With the help of GLFHC’s CEO, the residents of the PHCCC connected with the environmental division of Massachusetts Senator Edward Markey’s legislative team regarding his and Representative Ro Khanna’s Green New Deal for Health. This bill proposes to put into law the vision of the PHCCC and like-minded advocates to promote climate resiliency. The PHCCC was given the opportunity to offer its suggestions for changes to the bill before its introduction and plans to continue to advocate for health systems sustainability with local, state, and federal representatives in the future.

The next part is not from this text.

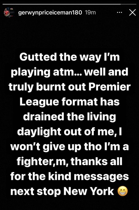Nach dem Match sagte Price auf Instagram, dass er im Moment nur noch wenig Energie hat. "Ich bin enttäuscht, wie ich im Moment spiele. Das Format der Premier League hat dazu geführt, dass ich völlig ausgebrannt bin".

Resident physicians today will face more climate-related challenges for their patients, their practices, and themselves than any prior generation of physicians, regardless of specialty. Resident-led initiatives have been key to improving residency education and advocacy for many emerging health issues; climate health is the same. As evidenced by the work of LFMR’s PHCCC, residents can be powerful motivators for change when appropriately supported by their faculty and institution. The successes of our PHCCC make a strong case for institutions actively collaborating with their residents to address their programs’ unique needs for climate education. Our experience highlights that advocacy outside the clinical environment is an important part of that education. As the PHCCC model demonstrates, resident-led actions can inspire change, while fostering inter-residency and inter-institution collaboration to meet urgent climate health challenges.

The authors would like to acknowledge the members of the GLFHC leadership, operations, and administrative teams, as well as the LFMR and LGH faculty and residents who have been instrumental in achieving climate goals. They would like to acknowledge and thank the Lawrence community organizations for their collaboration and tireless efforts to make the city of Lawrence more sustainable.